As áreas amostradas compreendem o cultivo comercial de Eucalyptus saligna, implantado há 13 anos (E1) em um talhão de 17,71 hectares, cujo solo foi preparado com escarificador e grade pesada, sendo o primeiro corte efetuado aos 8,5 anos de idade e o segundo plantio, efetuado nas entre-linhas, a 4,5 anos e o cultivo de Eucalyptus saligna implantado há 20 anos (E2) com manejo similar à área anterior, porém sem histórico de corte. Como áreas de referência, utilizou-se uma mata nativa que representa o remanescente de vegetação nativa da região composta por diversas espécies arbóreas e arbustivas com altura de aproximadamente 4m e um sistema de produção pastagem de braquiária brizanta (Brachiaria brizantha) consorciada a pensacola (Paspalum lourai) e trevo (Trifolium sp.) (PAST), implantada há aproximadamente cinco anos em uma área de 1200 hectares e (iv) mata nativa (MN).

Em cada área, foram amostradas três trincheiras de forma aleatória, distanciadas em aproximadamente 5m, nas camadas de 0,00 a 0,05; 0,05 a 0,10; 0,10 a 0,20 e 0,20 a 0,40m. Foram coletadas amostras com e sem estrutura original para a quantificação da densidade do solo e de COT e NT, respectivamente. Os dados de densidade do solo disponíveis em SUZUKI (2008) foram utilizados para cálculo do estoque de COT e de NT.

O solo foi peneirado e na fração menor e igual a 2mm foi avaliado o COT e o NT. Para estimar o COT e NT do resíduo vegetal em decomposição acima do solo, coletaram-se seis amostras de serrapilheira e de liteira em cada uma das áreas (E1 e E2), utilizando-se uma moldura de ferro de 0,50m x 0,50m. Foram acondicionados, em sacos de papel, 100 gramas do material vegetal, sendo esse material seco em estufa a 65°C até obtenção de peso constante e, posteriormente, moído em moinho do tipo Wiley.

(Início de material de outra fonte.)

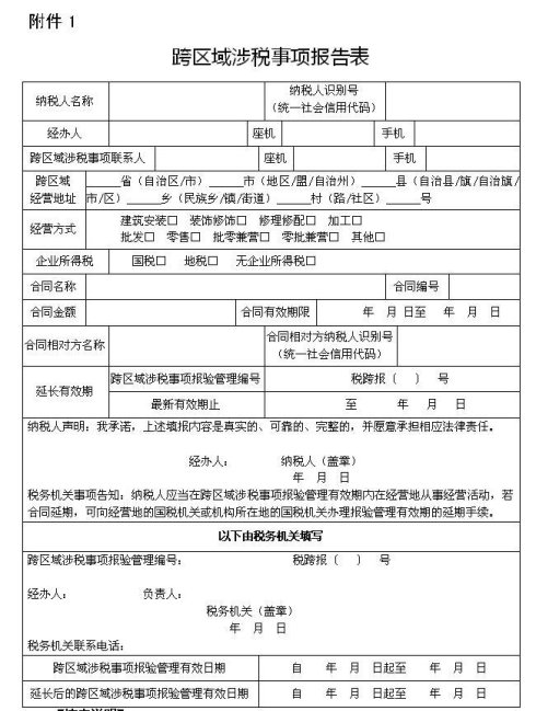 (二)納稅人跨區(qū)域經(jīng)營前不再開具相關(guān)證明,改為填報《跨區(qū)域涉稅事項報告表》。納稅人跨?。ㄗ灾螀^(qū)、直轄市和計劃單列市)臨時從事生產(chǎn)經(jīng)營活動的,不再開具《外出經(jīng)營活動稅收管理證明》,改向機構(gòu)所在地的國稅機關(guān)填報《跨區(qū)域涉稅事項報告表》(附件1)。納稅人在?。ㄗ灾螀^(qū)、直轄市和計劃單列市)內(nèi)跨縣(市)臨時從事生產(chǎn)經(jīng)營活動的,是否實施跨區(qū)域涉稅事項報驗管理由各?。ㄗ灾螀^(qū)、直轄市和計劃單列市)稅務(wù)機關(guān)自行確定。

A separação da fração leve livre (FLL) da MOS foi efetuada segundo GOLCHIN et al. (1994), utilizando-se NaI a 1,8 Mg m-3.

O COT e o NT do solo da FLL e dos resíduos vegetais em decomposição (serrapilheira e liteira) foram quantificados por oxidação via seca em um Analisador Elementar modelo Flash EA 1112 Thermo Electron, sendo os resultados de COT, NT e FLL expressos pela relação massa volume por meio da correção da densidade do solo.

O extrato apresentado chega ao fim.